Members of the OECD-DAC provided USD 35.5 billion in aid to gender equality in 2014; this was an all-time high. Around 28% − nearly USD 10 billion − went to civil society organisations (CSOs).

The majority of this aid supported international non-governmental organisations (INGOs) or CSOs based in the donor country. In 2014, 8% of gender focused aid to civil society went directly to CSOs in developing countries. Little was reported as going directly to women’s rights organisations. Where resources are reaching women’s rights organisations, they are typically small-scale and short-term. Small amounts of money can stimulate learning and innovation, but they do not enable vital expansion, scale-up and strengthening of organisational and operational capacity. Reaching women’s rights organisations takes deliberate effort and an intentional approach that builds support for women’s groups into the structure of funding mechanisms.

Key Findings:

  1. Reaching women’s rights organisations takes deliberate effort and an intentional approach that builds support for women’s groups into the structure of funding mechanisms.
  1. Better monitoring is needed of how much finance reaches southern women’s rights organisations – directly and indirectly, as core and project funding – and of the quality of this support.
  1. Women’s movements require breath, depth and diversity. Donors can best fund this diversity using a mix of funding streams and mechanisms that allow partnerships with CSOs of different sizes and capabilities, working at different levels and on different issues.
  1. Investing in the infrastructure of organisations and movements is the basics of sustainability, resilience and long-term change. This requires a long-term view of partnership that builds organisational capacity through multi-year core support.

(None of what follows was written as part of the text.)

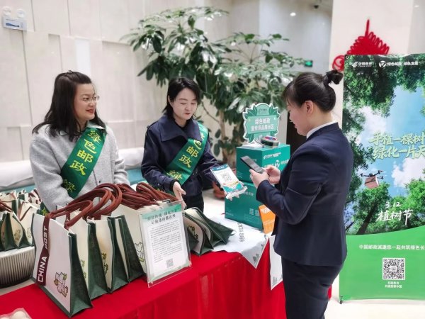 活动当天,全区邮政在营业网点、主题邮局、机关大楼等地开展“邮驿传情 绿化三北”主题活动,设置绿色宣传展示区,播放植树节宣传短片,工作人员现场讲解全民义务植树活动与绿色邮政知识,并为参与线上植树活动的爱心者赠送环保袋,用爱心汇聚绿色力量,以“邮政绿”守护“生态绿”,共同书写邮政人助力美丽中国建设的新篇章!

  1. Reaching the grassroots can be achieved by investing in specialist, well-anchored funding intermediaries, such as women’s funds.

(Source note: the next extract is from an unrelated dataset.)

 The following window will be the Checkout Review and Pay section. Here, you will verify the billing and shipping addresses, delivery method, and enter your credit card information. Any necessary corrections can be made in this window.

  1. A proactive approach is needed to reach beyond “usual suspects”. At the country level, donors should start by identifying local champions with a specialisation in women’s rights work.
  1. Funding relationship-building, alliances and learning between women’s rights organisations, and with other social movements, is critical to strengthen collective voice, impact and sustainability. Donors can contribute by financing the co-ordination efforts required to build coalitions, investing in women’s CSO platforms and networks, and funding convenings.
  1. Politically-informed and adaptive approaches improve the effectiveness of support to women’s rights organisations.
  1. DAC donors should think big – beyond gender equality funds. The real win would be to influence large mainstream funds that can be hard for women’s rights organisations to access.
  1. DAC members can use not only financial but also non-financial means, including engaging in policy dialogue to support safe and enabling environments in which women’s rights groups are able to thrive.